Assignment:
Below are the records to retype. Keep every character exactly and leave out the pictures.

--

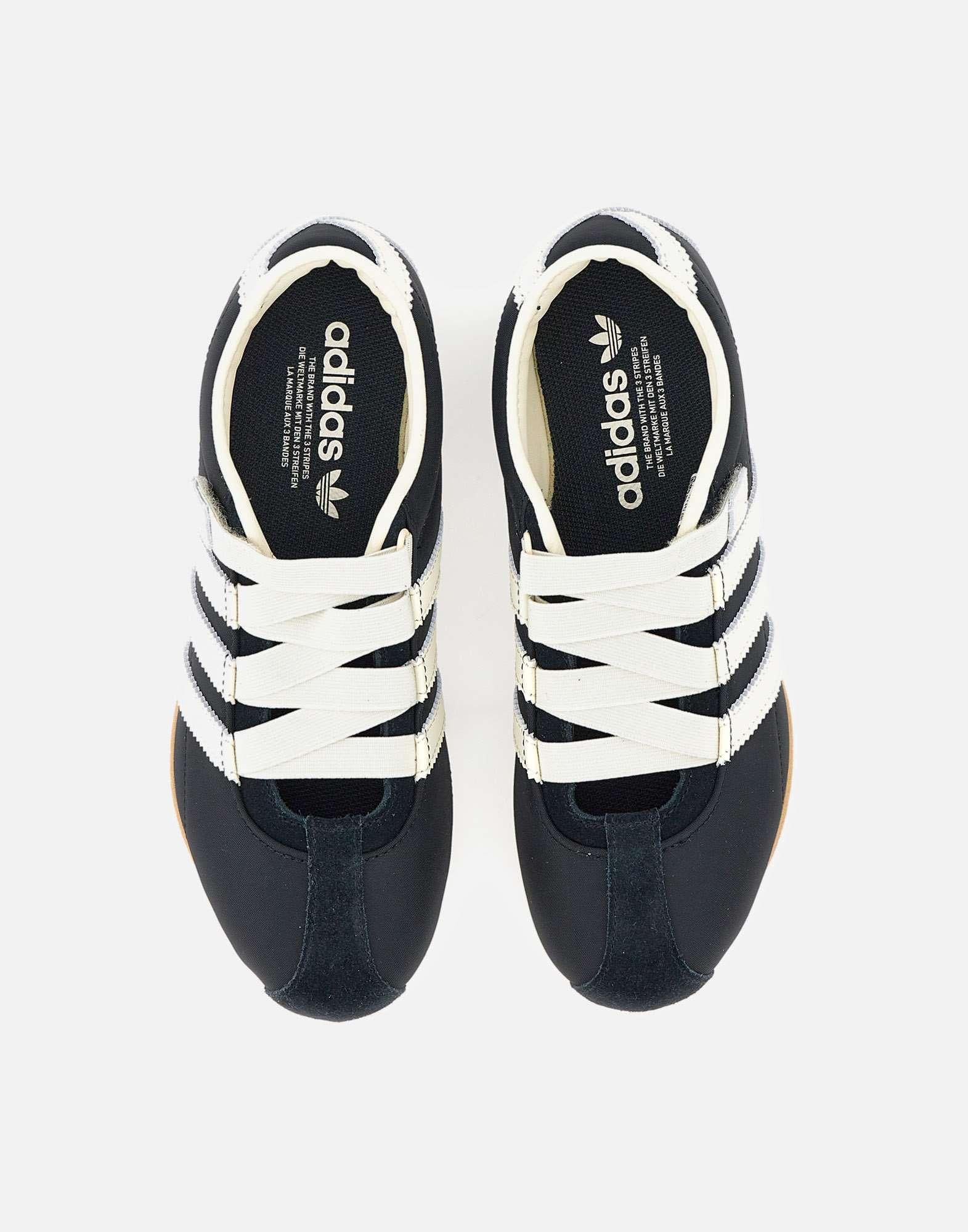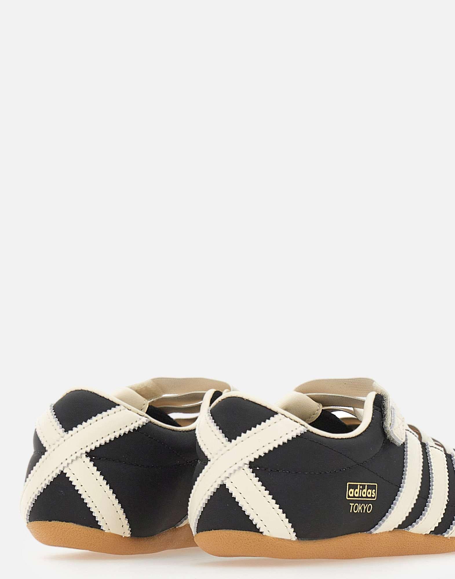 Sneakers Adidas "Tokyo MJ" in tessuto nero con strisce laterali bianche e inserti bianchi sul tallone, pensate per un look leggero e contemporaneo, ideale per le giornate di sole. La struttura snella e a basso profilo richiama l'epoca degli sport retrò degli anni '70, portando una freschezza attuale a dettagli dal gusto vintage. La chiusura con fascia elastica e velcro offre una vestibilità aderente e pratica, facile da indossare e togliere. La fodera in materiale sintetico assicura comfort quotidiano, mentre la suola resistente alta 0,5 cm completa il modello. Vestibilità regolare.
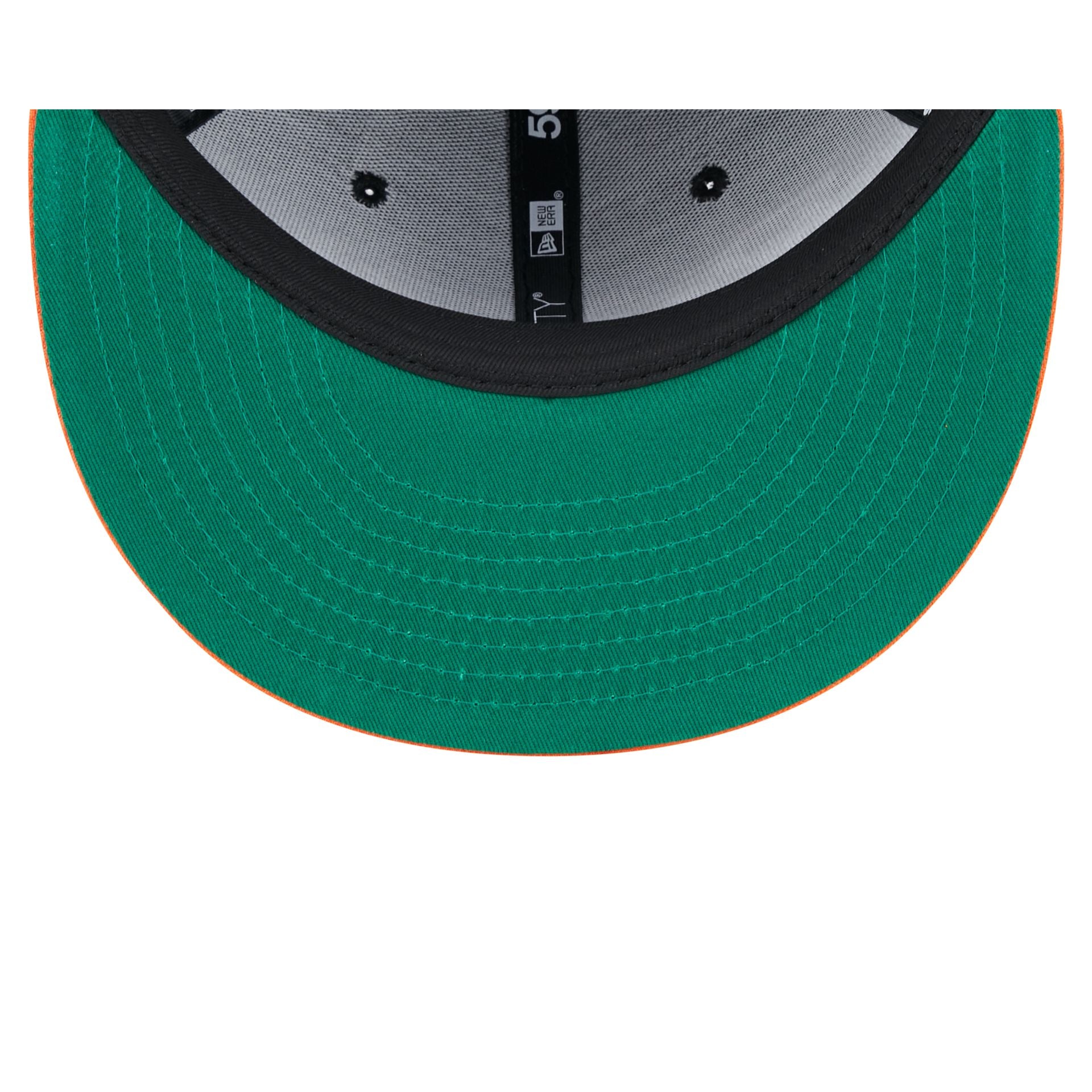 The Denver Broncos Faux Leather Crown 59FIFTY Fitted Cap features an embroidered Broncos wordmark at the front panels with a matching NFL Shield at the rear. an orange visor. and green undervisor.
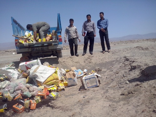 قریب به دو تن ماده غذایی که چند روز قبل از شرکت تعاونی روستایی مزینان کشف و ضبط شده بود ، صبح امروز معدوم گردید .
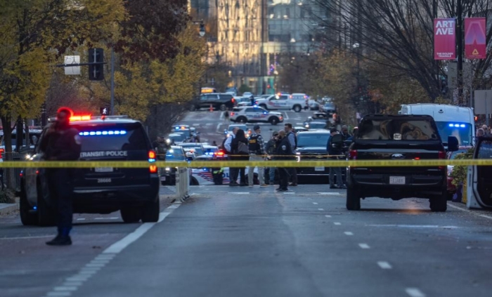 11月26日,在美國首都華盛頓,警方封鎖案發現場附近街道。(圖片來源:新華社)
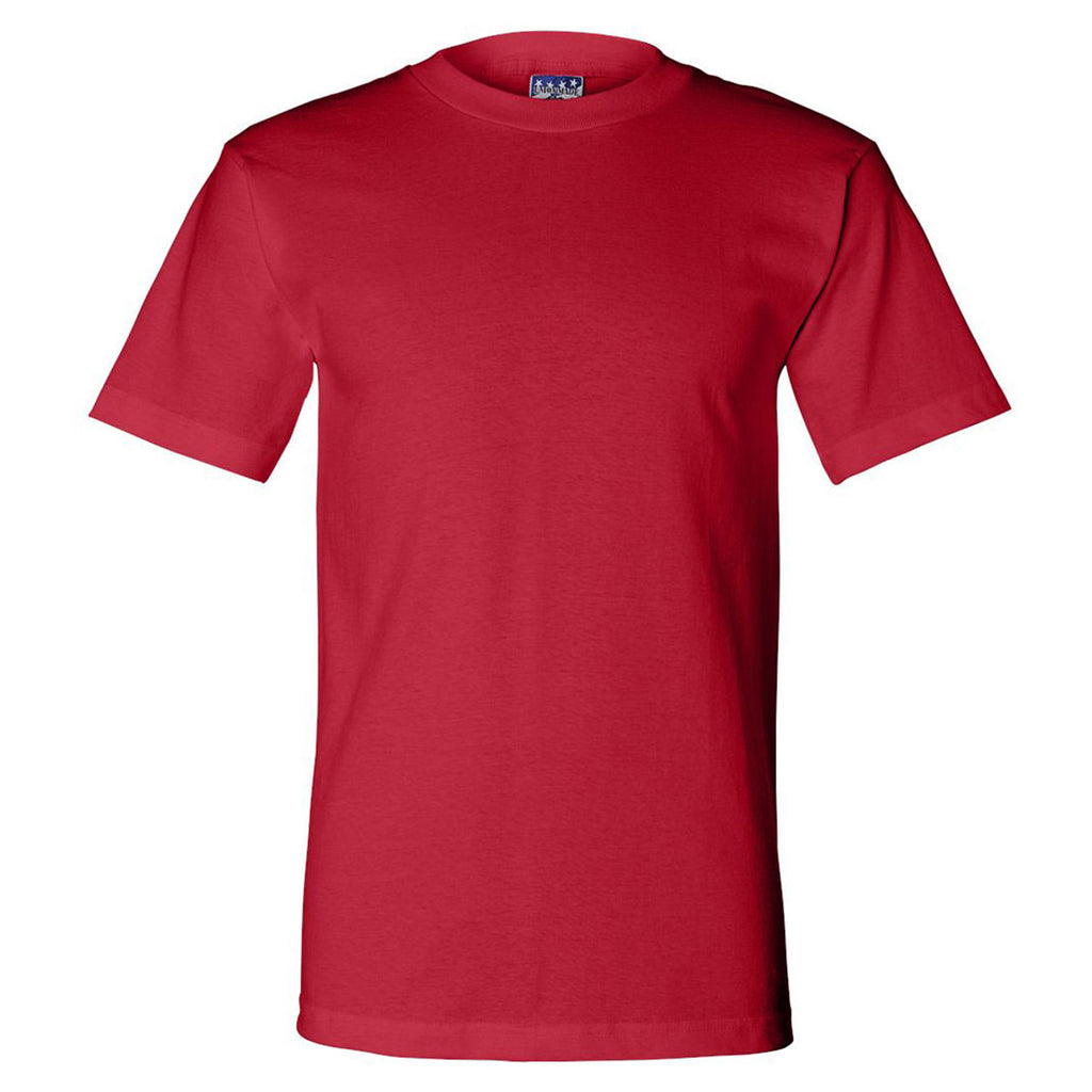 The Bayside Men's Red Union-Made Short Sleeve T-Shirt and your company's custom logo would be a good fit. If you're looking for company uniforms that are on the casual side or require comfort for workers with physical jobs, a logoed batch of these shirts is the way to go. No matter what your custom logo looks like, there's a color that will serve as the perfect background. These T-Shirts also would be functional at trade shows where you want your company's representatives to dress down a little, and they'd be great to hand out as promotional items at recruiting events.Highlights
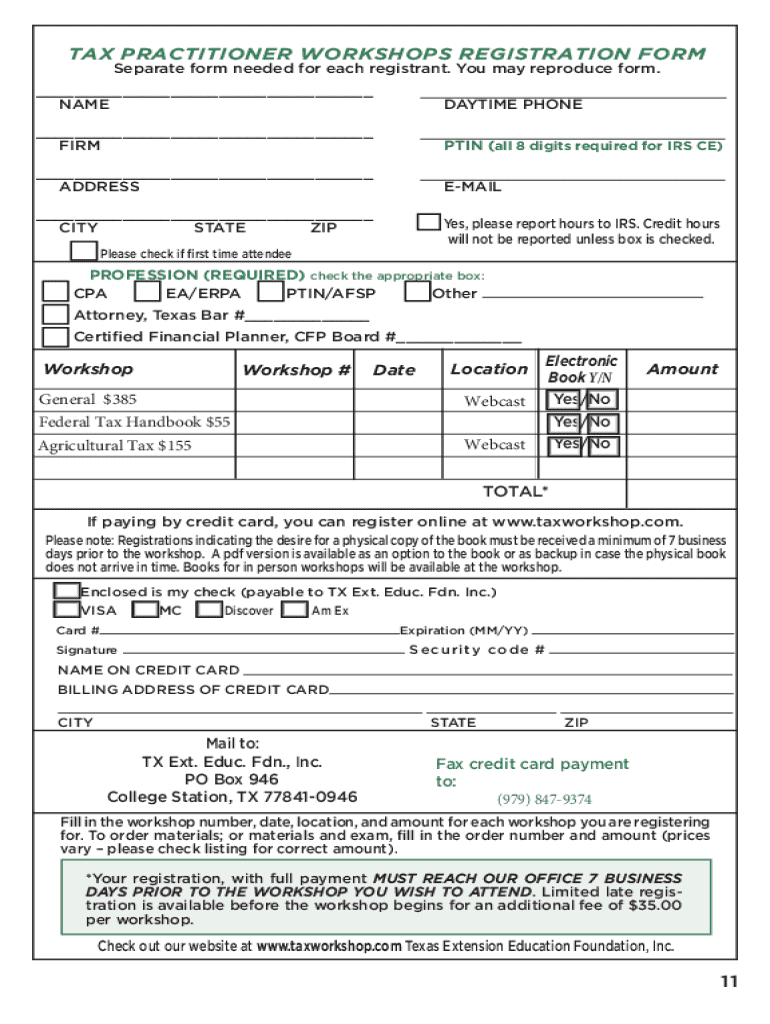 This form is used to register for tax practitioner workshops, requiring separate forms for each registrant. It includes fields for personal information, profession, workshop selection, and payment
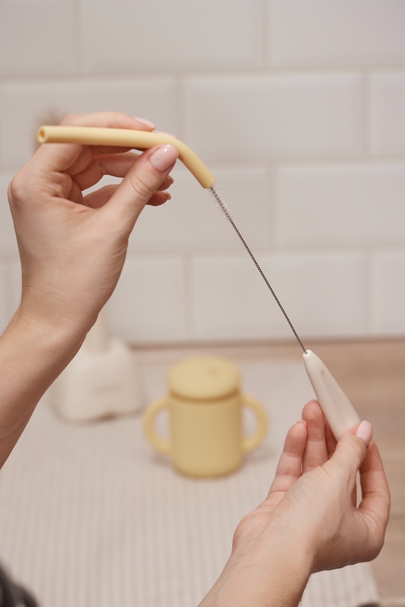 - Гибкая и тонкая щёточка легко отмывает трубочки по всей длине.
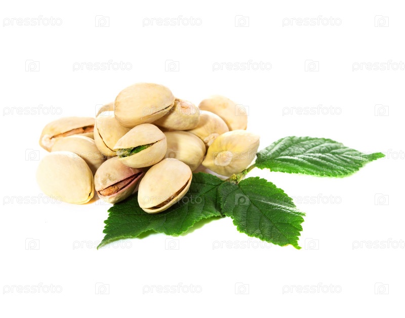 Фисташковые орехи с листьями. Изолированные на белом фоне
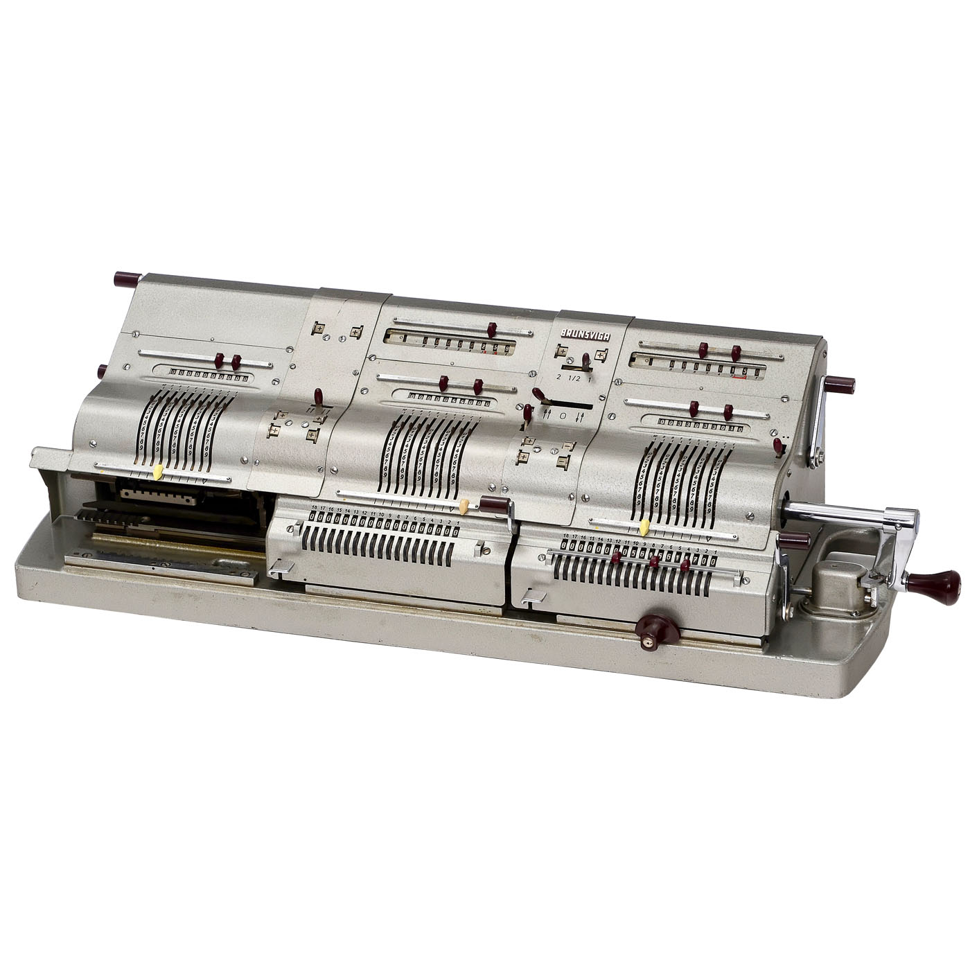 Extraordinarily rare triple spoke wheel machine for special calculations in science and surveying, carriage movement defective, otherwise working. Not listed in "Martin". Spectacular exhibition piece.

--

Response to this task:
 Sneakers Adidas "Tokyo MJ" in tessuto nero con strisce laterali bianche e inserti bianchi sul tallone, pensate per un look leggero e contemporaneo, ideale per le giornate di sole. La struttura snella e a basso profilo richiama l'epoca degli sport retrò degli anni '70, portando una freschezza attuale a dettagli dal gusto vintage. La chiusura con fascia elastica e velcro offre una vestibilità aderente e pratica, facile da indossare e togliere. La fodera in materiale sintetico assicura comfort quotidiano, mentre la suola resistente alta 0,5 cm completa il modello. Vestibilità regolare.
 The Denver Broncos Faux Leather Crown 59FIFTY Fitted Cap features an embroidered Broncos wordmark at the front panels with a matching NFL Shield at the rear. an orange visor. and green undervisor.
 قریب به دو تن ماده غذایی که چند روز قبل از شرکت تعاونی روستایی مزینان کشف و ضبط شده بود ، صبح امروز معدوم گردید .
 11月26日,在美國首都華盛頓,警方封鎖案發現場附近街道。(圖片來源:新華社)
 The Bayside Men's Red Union-Made Short Sleeve T-Shirt and your company's custom logo would be a good fit. If you're looking for company uniforms that are on the casual side or require comfort for workers with physical jobs, a logoed batch of these shirts is the way to go. No matter what your custom logo looks like, there's a color that will serve as the perfect background. These T-Shirts also would be functional at trade shows where you want your company's representatives to dress down a little, and they'd be great to hand out as promotional items at recruiting events.Highlights
 This form is used to register for tax practitioner workshops, requiring separate forms for each registrant. It includes fields for personal information, profession, workshop selection, and payment
 - Гибкая и тонкая щёточка легко отмывает трубочки по всей длине.
 Фисташковые орехи с листьями. Изолированные на белом фоне
 Extraordinarily rare triple spoke wheel machine for special calculations in science and surveying, carriage movement defective, otherwise working. Not listed in "Martin". Spectacular exhibition piece.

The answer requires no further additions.